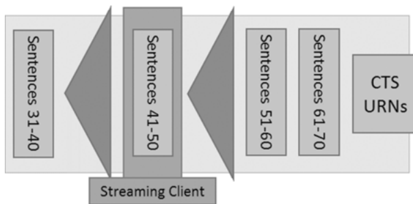
Figure 1: CTS URN based text streaming.

Because of the hierarchical properties of CTS URNs, they may also allow specific caching techniques. Generally, books tend to include more text than can be shown on a monitor in a reasonable way. If a text passage is too big to be visualized as a whole, it may be more memory efficient to use a sliding window that spans some of the smaller text parts on a lower depth that correlates to the amount of text that is visible in one moment. This streaming technique can be especially valuable when working with systems that do not have access to vast amounts of access memory like smart devices or small notebooks. Figure 1 illustrates this by showing how sets of ten sentences are processed at one moment instead of the complete text.
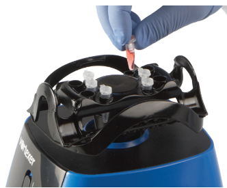
0.5 mL microfuge tubes x 6 (vertically mounted)
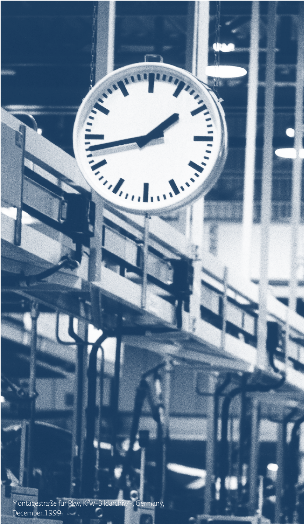
Montagestraße für Pkw, KfW-Bildarchiv/-; Germany, December 1999
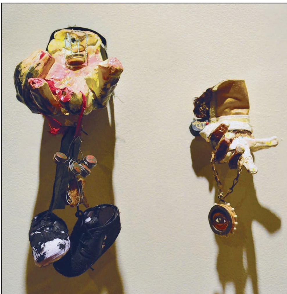
Heavy by Nyugen E. Smit

A piece in the center of the room follows a repeated theme of a native islander dressed in judge's clothes and a traditional white wig. Mr. Judge Man is complete with a gavel and a sign beneath the box he is perched on that reads "Kneel"; it's made of latex, wood, gesso, wire, cork and acrylic. It is a must see of the "Thy Kingdom Come" series. You can check it out until March 6.
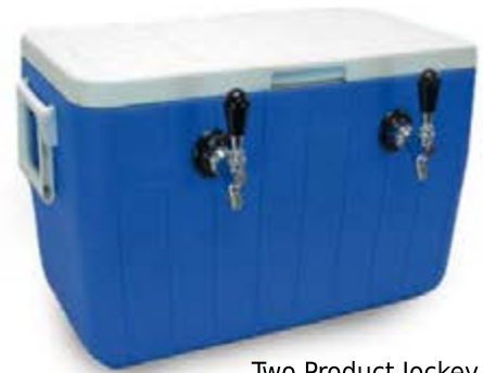
Two Product Jockey Box $399.95
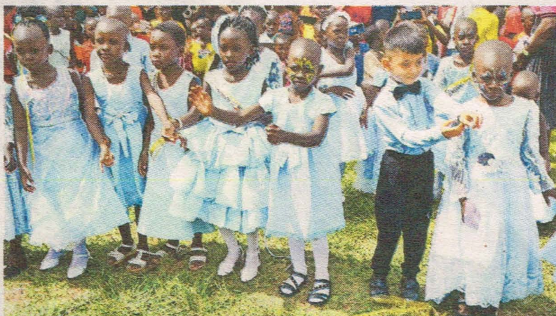
Graduands get ready to present an item thanking parents and teachers.

Centenary Bank Kamuli Branch and Oasis Book project donated the graduation cake and an assortment of gifts to the graduands, urging parents to keep the children reading during holidays.
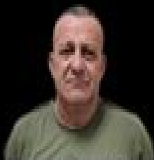
Conviction for Sexual Assault to a minor 2nd Degree
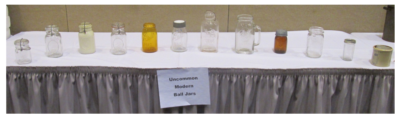
Dick Cole displayed Uncommon Modern Ball Jars
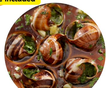
French Dinner with Wine Included
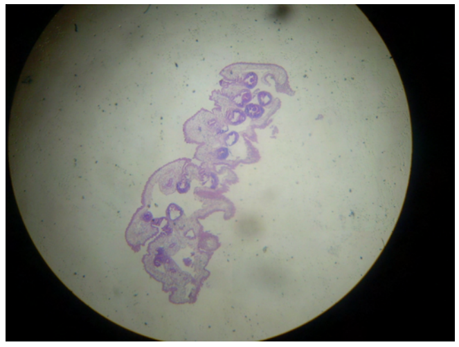
Figure 2. Microscopic section of the cestode worm after surgical removal from the anterior chamber of eye H&E X400.
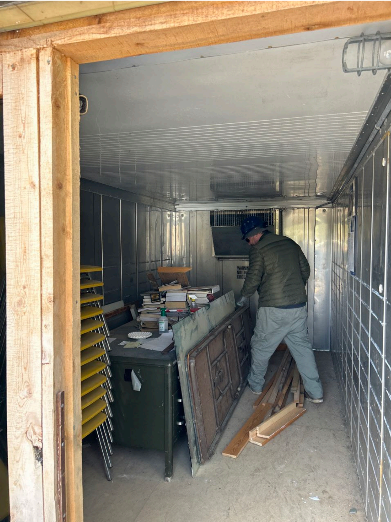
Figure 10: Office, secure (411)
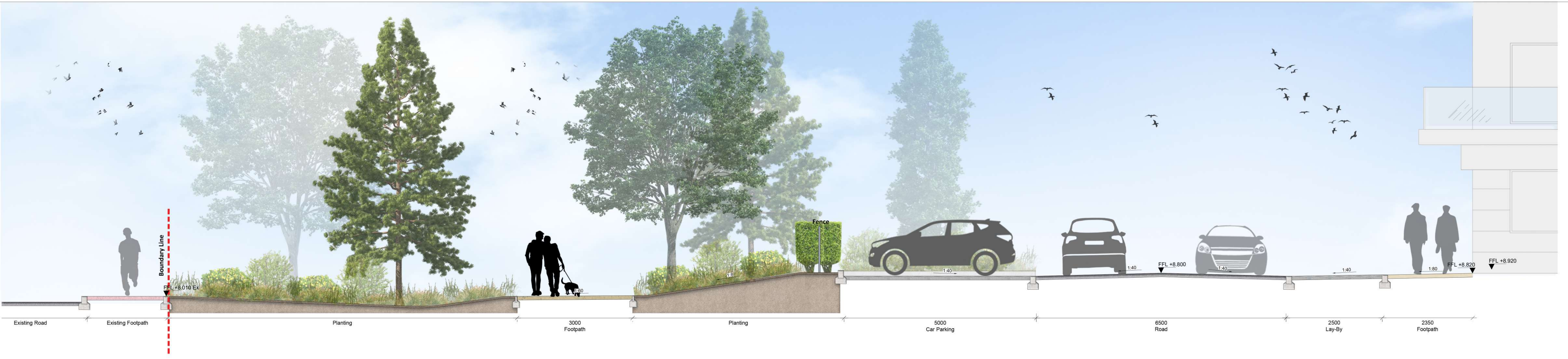
1 Section 1 500 scale 1:50 @A1
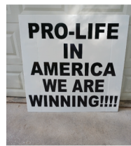
One of our locally produced "Bridges over Life" outreach event signs! Tens of thousands across GA are seeing the message of Life at each event!
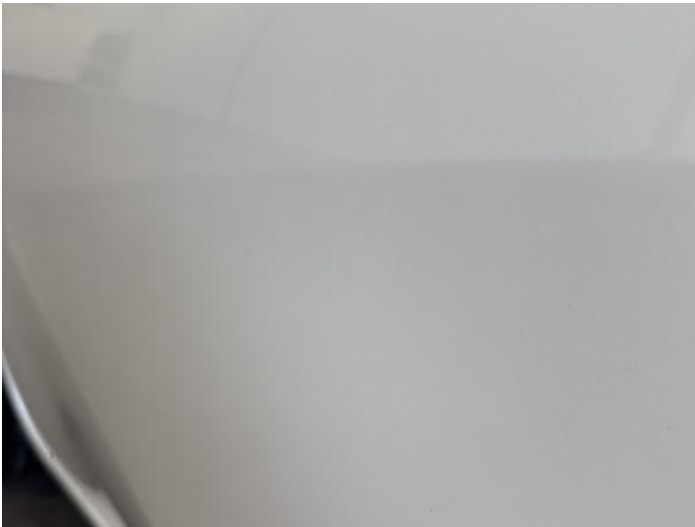
5: Door nsf Dented 2 Or Less UpTo 10mm
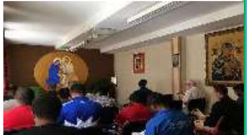
Visitazione eucaristica ordina e preghiera per i confratelli decevuti

D'altronde, a noi religiosi ci ha toccato affrontare la pandemia in un altro modo, ribadendo ancora di più la vocazione a cui siamo stati chiamati. Talvolta pensiamo alle opere di carità fisiche e ci dimentichiamo che pure la nostra intercessione dinanzi Dio può raggiungere ai più vulnerabili. Infatti, non abbiamo smesso di pregare ogni giorno e di celebrare l'Eucaristia in comunità nella nostra piccola cappella e pregare per il mondo nonostante le distanze.
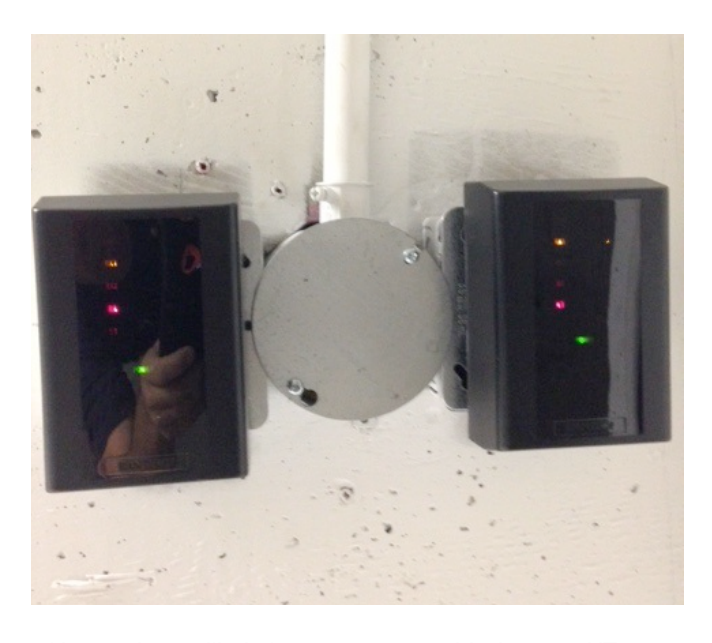
Use of the facility's legacy system with the new KT-1 one door controllers enabled system integrators to complete the the installation in less than one week.

Using an existing IP connection and the KT-1 controllers' unique single button enrollment, Securco's integration team had each controller up and running in a matter of minutes.
----
Task: Please write out exactly, and only, the lines from the beginning of the entries through the line containing "Because of the", including both and skipping all pictures.

Exercise response:
Figure 1: CTS URN based text streaming.

Because of the hierarchical properties of CTS URNs, they may also allow specific caching techniques. Generally, books tend to include more text than can be shown on a monitor in a reasonable way. If a text passage is too big to be visualized as a whole, it may be more memory efficient to use a sliding window that spans some of the smaller text parts on a lower depth that correlates to the amount of text that is visible in one moment. This streaming technique can be especially valuable when working with systems that do not have access to vast amounts of access memory like smart devices or small notebooks. Figure 1 illustrates this by showing how sets of ten sentences are processed at one moment instead of the complete text.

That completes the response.